The Collector of Hearts: New Tales of the Grotesque
by Joyce Carol Oates
from Plume
The Collector of Hearts is an eerie, powerfully strange collection of classic Oates narratives. Few of the stories are blatantly horrific, although "Posthumous," with its subtle handling of a gruesome death, could give Stephen King's blood and gore a run for its money. Instead, Oates is a master of turning the everyday into the horrible, so that the stories are unsettling--grotesque because they seem familiar. The author skillfully creates believable characters, both sympathetic and despised, sometimes in as few as three or four pages. We feel for the victims of dysfunctional families, and we loathe the perpetrators of evil even as we cringe while relishing their demise.

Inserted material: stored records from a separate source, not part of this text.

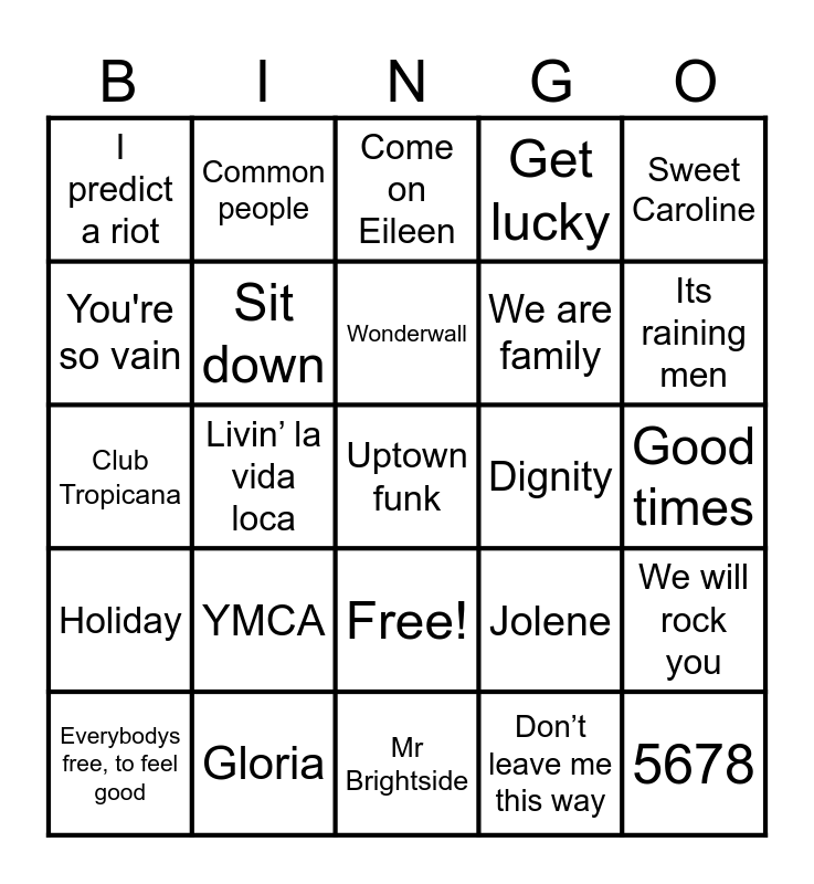 This bingo card has 26 words: Free!, Don’t leave me this way, Wonderwall, Gloria, Sweet Caroline, I predict a riot, You're so vain, Common people, Good times, Jolene, We are family, Club Tropicana, We will rock you, Everybodys free, to feel good, Livin’ la vida loca, She's a belter, Get lucky, Holiday, Come on Eileen, Uptown funk, Its raining men, Mr Brightside, Dignity, YMCA, Sit down and 5678.
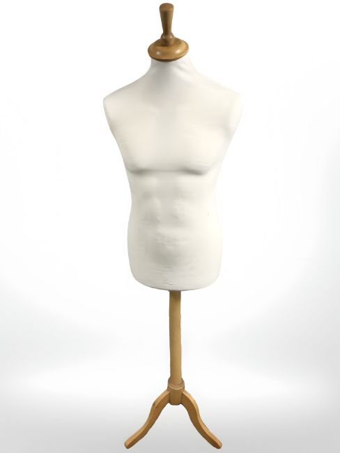 A mannequin torso on tripod stand.
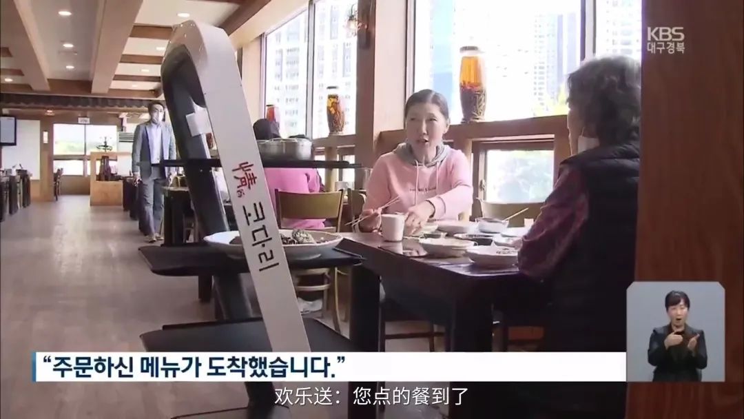 韓國某家餐廳里,機器人正在代替職員搬運食物。
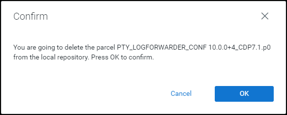 The Log Forwarder configuration parcel is deleted from the local repository.
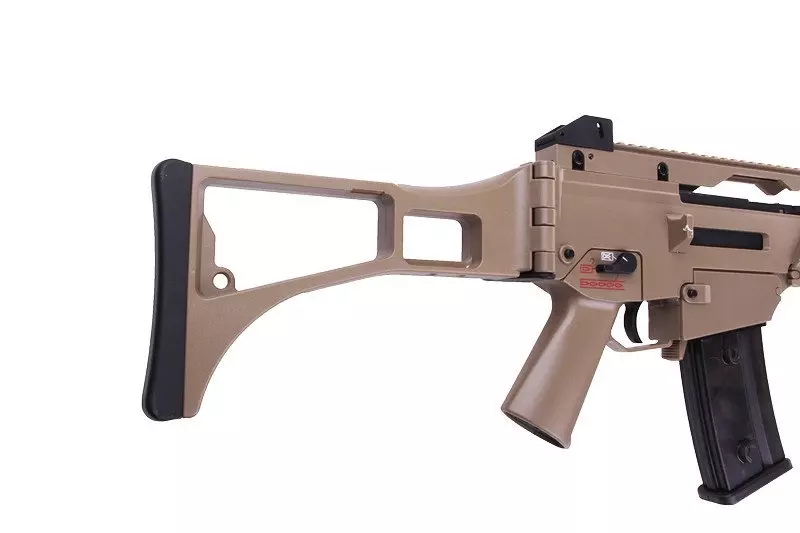 Karabinek został wyposażony w długą szynę montażową RIS 22mm na górnycm chwycie, umożliwiającą instalację różnego typu celowników optycznych. Pod chwytem przednim również znajduje się szyna. Materiał korpusu posiada antypoźlizgową, chropowata fakturę, zastosowano składaną na bok kolbę z wygodną, gumową stopką. Akumulator mieści się wewnątrz chwytu przedniego – można go szybko zdjąć po wyciągnięciu jednego pinu mocującego.
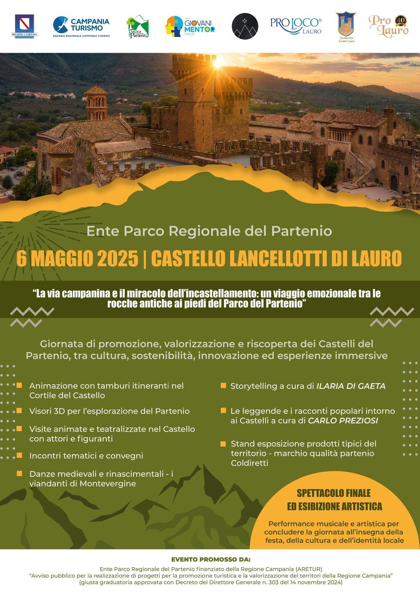 L'Ente Parco Regionale del Partenio, in collaborazione con l'APS Giovani Mentor Onlus, presenta il progetto "La via campanina e il miracolo dell'incastellamento: un viaggio emozionale tra le rocche antiche ai piedi del Parco del Partenio", una giornata di promozione, valorizzazione e riscoperta dei Castelli del Partenio, tra cultura, sostenibilità, innovazione ed esperienze immersive.

Not every one of the stories in The Collector of Hearts is a masterpiece. Some are almost forgettable. However, enough of them are filled with Oates's signature understated dread to make them worth reading, and the occasional gems, such as "The Hand-puppet" and "The Affliction," make this collection worth owning. --Mara Friedman
"Shimmering . . . Oates is a master at this genre."--Boston Globe
In these twenty-five gothic horror tales from the master of the short story, Joyce Carol Oates explores the waking nightmares of life with eyes wide-open, facing what the bravest of us fear the most. From the Kafka-esque "Scars" to a balladlike tale of erotic obsession in "The Crossing," to the mother-daughter bond given a fatal twist in "Death Mother," the stories in The Collector of Hearts illuminate the mysteries of the human experience--both intellectual and visceral. It is a stunning and richly diverse anthology of mood and menace--haunting, elegiac, and compulsively readable.
The Strange Case of Dr. Jekyll and Mr. Hyde
by Robert Louis Stevenson
from Bison Books
The young Robert Louis Stevenson suffered from repeated nightmares of living a double life, in which by day he worked as a respectable doctor and by night he roamed the back alleys of old-town Edinburgh. In three days of furious writing, he produced a story about his dream existence. His wife found it too gruesome, so he promptly burned the manuscript. In another three days, he wrote it again. The Strange Case of Dr. Jekyll and Mr. Hyde was published as a "shilling shocker" in 1886, and became an instant classic. In the first six months, 40,000 copies were sold. Queen Victoria read it. Sermons and editorials were written about it. When Stevenson and his family visited America a year later, they were mobbed by reporters at the dock in New York City. Compulsively readable from its opening pages, Dr. Jekyll and Mr. Hyde is still one of the best tales ever written about the divided self.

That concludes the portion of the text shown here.